(Records from a dataset)
..........
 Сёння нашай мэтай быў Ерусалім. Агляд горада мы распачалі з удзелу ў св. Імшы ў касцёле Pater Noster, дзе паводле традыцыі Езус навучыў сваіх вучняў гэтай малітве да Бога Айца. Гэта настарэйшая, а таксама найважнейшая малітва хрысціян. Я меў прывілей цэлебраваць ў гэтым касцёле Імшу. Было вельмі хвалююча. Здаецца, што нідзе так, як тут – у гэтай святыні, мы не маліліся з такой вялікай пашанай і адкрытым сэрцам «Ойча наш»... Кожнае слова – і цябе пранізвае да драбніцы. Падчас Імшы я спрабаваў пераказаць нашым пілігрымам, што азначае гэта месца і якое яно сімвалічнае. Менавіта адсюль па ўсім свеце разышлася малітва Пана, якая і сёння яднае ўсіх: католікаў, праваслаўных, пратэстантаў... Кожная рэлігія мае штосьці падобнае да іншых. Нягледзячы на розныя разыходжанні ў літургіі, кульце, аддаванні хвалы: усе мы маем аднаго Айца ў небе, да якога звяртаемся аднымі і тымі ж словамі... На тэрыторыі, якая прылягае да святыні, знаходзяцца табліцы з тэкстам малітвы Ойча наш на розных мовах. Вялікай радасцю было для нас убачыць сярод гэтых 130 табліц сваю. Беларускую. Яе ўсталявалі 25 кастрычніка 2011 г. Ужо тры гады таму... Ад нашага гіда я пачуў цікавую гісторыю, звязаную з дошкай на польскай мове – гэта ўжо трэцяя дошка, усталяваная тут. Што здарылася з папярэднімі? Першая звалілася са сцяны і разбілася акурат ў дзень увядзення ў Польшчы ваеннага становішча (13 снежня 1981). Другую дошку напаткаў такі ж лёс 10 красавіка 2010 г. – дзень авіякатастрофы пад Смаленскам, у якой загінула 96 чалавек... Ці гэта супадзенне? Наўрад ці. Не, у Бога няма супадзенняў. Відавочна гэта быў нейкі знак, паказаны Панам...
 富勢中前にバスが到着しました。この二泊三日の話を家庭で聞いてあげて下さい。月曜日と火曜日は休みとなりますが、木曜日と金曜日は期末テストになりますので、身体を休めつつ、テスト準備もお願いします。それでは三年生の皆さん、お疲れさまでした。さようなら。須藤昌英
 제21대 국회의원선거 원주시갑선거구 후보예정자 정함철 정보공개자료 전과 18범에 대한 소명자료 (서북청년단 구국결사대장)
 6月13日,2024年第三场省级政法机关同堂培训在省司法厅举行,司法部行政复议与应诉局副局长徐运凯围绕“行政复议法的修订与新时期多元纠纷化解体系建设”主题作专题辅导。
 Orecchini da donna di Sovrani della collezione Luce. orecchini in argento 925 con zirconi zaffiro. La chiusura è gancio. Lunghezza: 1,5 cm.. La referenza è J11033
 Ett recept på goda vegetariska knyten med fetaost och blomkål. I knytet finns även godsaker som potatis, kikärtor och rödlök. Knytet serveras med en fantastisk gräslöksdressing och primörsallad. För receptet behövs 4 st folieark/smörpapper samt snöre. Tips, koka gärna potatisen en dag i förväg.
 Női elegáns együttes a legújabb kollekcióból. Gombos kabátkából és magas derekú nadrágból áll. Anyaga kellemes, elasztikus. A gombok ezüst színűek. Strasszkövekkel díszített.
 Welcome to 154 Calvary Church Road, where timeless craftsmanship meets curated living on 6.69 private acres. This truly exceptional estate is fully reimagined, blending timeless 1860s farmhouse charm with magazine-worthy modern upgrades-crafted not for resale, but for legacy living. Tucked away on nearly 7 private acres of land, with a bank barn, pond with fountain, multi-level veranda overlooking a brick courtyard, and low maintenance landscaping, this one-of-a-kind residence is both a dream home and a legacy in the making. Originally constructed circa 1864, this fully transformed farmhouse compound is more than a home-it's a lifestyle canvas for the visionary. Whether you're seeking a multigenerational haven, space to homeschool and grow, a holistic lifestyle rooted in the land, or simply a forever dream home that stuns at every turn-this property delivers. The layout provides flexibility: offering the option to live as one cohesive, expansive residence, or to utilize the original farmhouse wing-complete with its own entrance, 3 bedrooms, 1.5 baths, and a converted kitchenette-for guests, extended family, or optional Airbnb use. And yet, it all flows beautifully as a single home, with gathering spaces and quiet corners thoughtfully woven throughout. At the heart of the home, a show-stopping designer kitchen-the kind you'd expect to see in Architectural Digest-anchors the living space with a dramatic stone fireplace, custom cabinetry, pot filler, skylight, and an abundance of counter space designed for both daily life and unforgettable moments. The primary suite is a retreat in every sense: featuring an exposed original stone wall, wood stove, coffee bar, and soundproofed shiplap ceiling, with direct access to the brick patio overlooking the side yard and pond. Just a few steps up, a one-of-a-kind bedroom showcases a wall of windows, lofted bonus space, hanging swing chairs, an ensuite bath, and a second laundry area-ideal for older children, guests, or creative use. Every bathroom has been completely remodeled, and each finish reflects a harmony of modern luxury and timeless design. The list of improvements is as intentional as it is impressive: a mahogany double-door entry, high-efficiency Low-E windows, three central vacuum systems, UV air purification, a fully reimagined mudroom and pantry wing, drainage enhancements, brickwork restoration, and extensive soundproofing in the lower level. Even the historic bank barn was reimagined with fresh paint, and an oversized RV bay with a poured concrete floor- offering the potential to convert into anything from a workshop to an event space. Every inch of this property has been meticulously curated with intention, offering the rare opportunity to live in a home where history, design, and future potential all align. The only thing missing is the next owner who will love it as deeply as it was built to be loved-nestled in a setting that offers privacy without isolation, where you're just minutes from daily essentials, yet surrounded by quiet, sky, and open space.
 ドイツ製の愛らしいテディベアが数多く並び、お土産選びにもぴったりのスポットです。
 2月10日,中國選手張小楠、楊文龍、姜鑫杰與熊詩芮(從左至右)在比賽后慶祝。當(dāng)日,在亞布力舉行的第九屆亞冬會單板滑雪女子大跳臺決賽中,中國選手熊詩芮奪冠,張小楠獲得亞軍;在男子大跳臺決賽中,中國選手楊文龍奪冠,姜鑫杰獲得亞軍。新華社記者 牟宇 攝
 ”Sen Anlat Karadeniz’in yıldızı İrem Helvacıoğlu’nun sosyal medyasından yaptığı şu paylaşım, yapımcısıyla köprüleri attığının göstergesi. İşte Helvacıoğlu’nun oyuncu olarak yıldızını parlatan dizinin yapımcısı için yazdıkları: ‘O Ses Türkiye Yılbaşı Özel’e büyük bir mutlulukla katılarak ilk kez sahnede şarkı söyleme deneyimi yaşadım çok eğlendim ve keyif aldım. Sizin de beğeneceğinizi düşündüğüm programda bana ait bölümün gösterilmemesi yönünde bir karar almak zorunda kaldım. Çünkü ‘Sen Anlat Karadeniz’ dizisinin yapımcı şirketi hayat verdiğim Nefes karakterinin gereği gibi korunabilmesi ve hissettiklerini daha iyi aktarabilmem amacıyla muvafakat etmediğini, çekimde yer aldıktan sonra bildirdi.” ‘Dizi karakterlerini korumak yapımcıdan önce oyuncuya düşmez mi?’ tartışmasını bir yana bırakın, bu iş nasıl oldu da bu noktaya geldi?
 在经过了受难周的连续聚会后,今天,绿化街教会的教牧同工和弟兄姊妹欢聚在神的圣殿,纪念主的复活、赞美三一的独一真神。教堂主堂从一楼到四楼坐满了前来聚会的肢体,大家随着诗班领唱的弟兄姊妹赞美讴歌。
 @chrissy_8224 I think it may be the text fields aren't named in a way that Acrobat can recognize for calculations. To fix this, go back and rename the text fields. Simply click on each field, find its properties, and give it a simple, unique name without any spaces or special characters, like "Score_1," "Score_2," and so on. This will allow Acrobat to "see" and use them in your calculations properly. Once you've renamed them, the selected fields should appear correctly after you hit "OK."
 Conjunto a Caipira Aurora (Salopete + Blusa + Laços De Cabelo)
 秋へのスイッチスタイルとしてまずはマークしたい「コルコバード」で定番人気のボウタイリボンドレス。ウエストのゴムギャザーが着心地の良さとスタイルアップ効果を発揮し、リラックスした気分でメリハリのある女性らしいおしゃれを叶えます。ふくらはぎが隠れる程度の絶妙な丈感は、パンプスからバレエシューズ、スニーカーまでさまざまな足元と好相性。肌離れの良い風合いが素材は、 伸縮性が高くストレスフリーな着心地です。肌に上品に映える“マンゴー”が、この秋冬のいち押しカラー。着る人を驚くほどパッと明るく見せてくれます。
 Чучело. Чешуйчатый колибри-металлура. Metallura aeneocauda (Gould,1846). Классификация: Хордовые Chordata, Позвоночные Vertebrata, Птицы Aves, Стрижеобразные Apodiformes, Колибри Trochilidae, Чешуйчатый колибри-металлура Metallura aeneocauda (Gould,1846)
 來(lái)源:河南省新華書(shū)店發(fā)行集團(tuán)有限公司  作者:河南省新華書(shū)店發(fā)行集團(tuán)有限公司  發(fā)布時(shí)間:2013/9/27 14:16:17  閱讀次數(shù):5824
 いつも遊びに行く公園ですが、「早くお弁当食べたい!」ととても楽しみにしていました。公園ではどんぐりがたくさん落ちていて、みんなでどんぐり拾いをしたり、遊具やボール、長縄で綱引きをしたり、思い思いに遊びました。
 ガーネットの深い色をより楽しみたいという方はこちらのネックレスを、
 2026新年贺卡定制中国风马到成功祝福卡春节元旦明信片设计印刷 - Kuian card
..........
### PROBLEM TO WORK ON
Output exactly the lines from the one containing "ガーネットの深い色をより楽しみたいという方はこちらのネックレスを、" through the last line of the records, both included. Output nothing else.

### TASK SOLUTION
 ガーネットの深い色をより楽しみたいという方はこちらのネックレスを、
 2026新年贺卡定制中国风马到成功祝福卡春节元旦明信片设计印刷 - Kuian card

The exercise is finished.